GluA1 Phosphorylation at Ser-845 Inhibits Thr-840 Phosphorylation
Given the inhibitory influence Thr-840 phosphorylation exerts over GluA1 phosphorylation at Ser-845, we next asked whether Ser-845 phosphorylation can similarly regulate Thr-840 phosphorylation. We first investigated this question by examining whether increasing GluA1 Ser-845 phosphorylation could inhibit the rapid re-phosphorylation of Thr-840 that occurs after high-K+-induced dephosphorylation. For these experiments we used a protocol similar to that shown in Fig. 1B where hippocampal slices from the same animal were either untreated or exposed to a 5-min application of high-K+ ACSF and collected either immediately after depolarization or at different times after high-K+ ACSF washout (15 and 35 min).

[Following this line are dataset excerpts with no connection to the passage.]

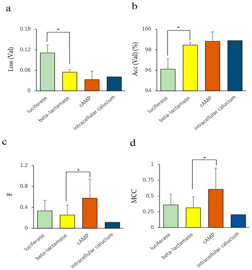 Comparison of prediction performance among four in vitro assays. (a) Loss in the Val dataset, (b) accuracy in the Val dataset, (c) accuracy in the Test dataset. n = 14, 17, 3, and 1 for luciferase, beta-lactamase, cAMP, and intracellular calcium assays, respectively. Each bar indicates the average of the performance metric of the four in vitro assays with standard error. * p < 0.05 by Tukey–Kramer’s honestly significant difference test.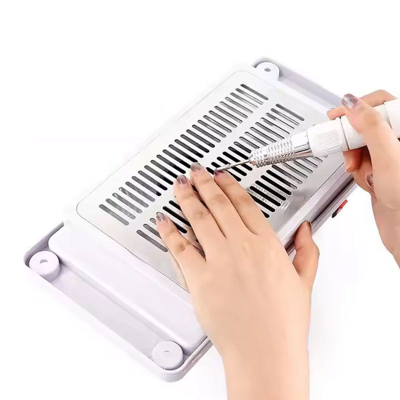 ja TheNamizni vgrajen zbiralnik prahu za nohte je posebej zasnovan za preprečevanje puščanja prahu. Močna sesalna moč 45 W v kombinaciji z učinkovitim tesnjenjem okoli sesalnega območja zagotavlja, da se prašni delci zajamejo pri viru, namesto da uidejo nazaj v delovni prostor. Med težkim polnjenjem akrila enota ohranja dosledno sesalno zmogljivost, ohranja pulte čiste in preprečuje, da bi prah prišel v zrak. Za tehnike, ki dnevno opravijo več akrilnih storitev, to zanesljivo zajemanje prahu bistveno zmanjša kumulativno izpostavljenost prahu.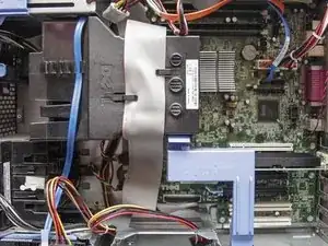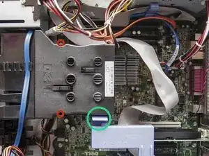 Если у вас установлен дисковод гибких дисков, его ленточный кабель проходит над системой охлаждения и его необходимо отвести в сторону. Чтобы отключить его, сначала отсоедините от системной платы, потянув за пластиковое кольцо.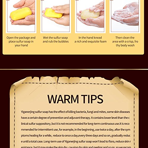 EFFECTIVE RELIEF FROM SKIN PROBLEMS - Potent Anti-Bacterial Action of yiganerjing soap, which can be attributed to its sulphur content and other anti-fungal ingredients, aids in fighting skin conditions like psoriasis, Acne, Eczema, Seborrhoea, Herpes, Skin Fungus., etc. Customers around the world are appreciating the way it has helped soothe their itching, irritation, flakiness, etc. while improving skin condition. Please note that we don't claim it to be a treatment for any problem.
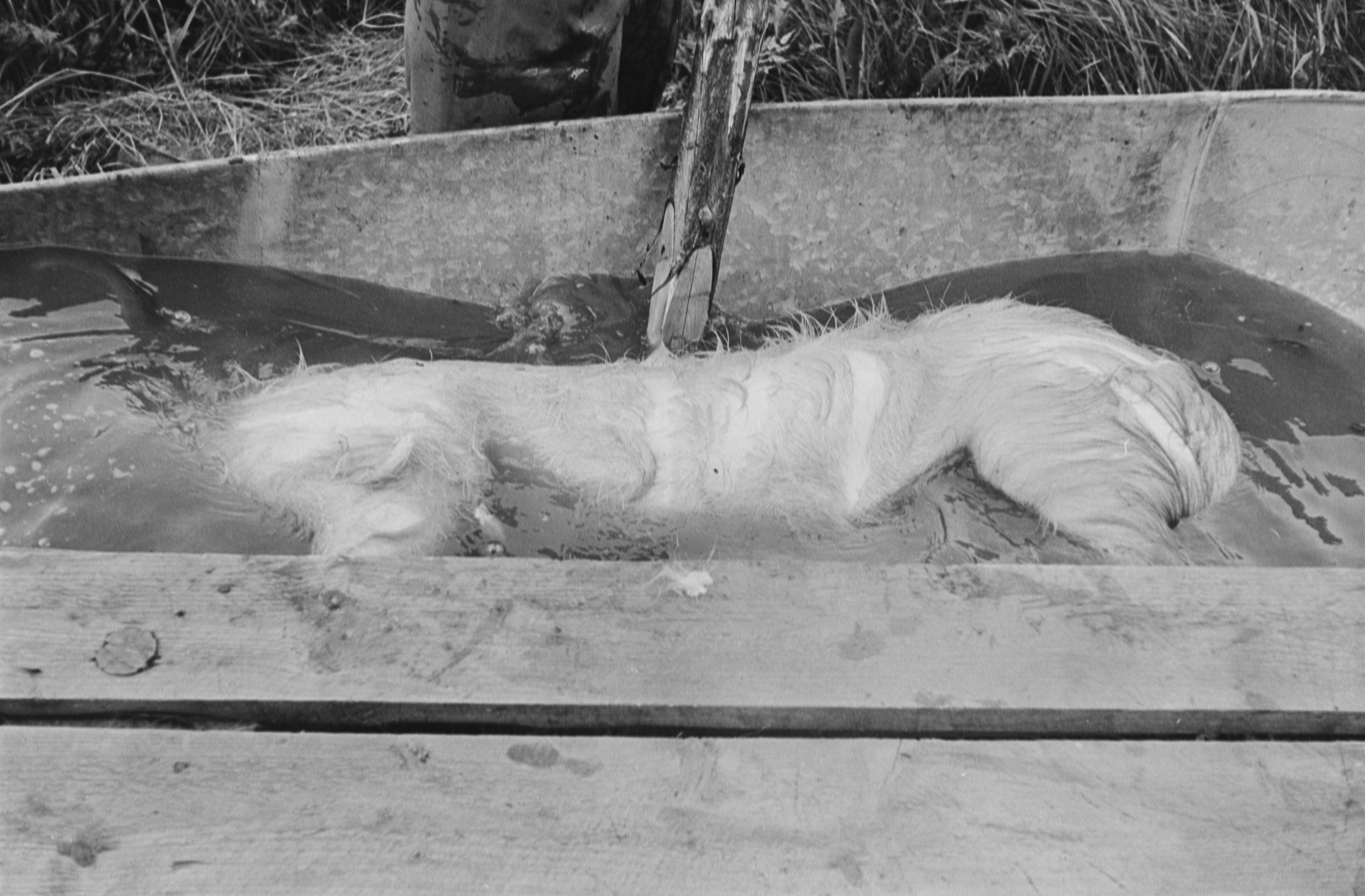 Grisen lögas i hett vatten för att håret skall gå lätt att skrapas bort

In control experiments ACSF containing 0.1% DMSO was applied during the first 10 min of high-K+ washout, and as expected, GluA1 Thr-840 phosphorylation returned to basal levels seen in untreated control slices within 15 min post-depolarization (Fig. 7, A and B). In contrast, application of ACSF containing 50 μm FSK during the first 10 min of high-K+ washout increased Ser-845 phosphorylation and significantly inhibited Thr-840 re-phosphorylation (Fig. 7, A and B).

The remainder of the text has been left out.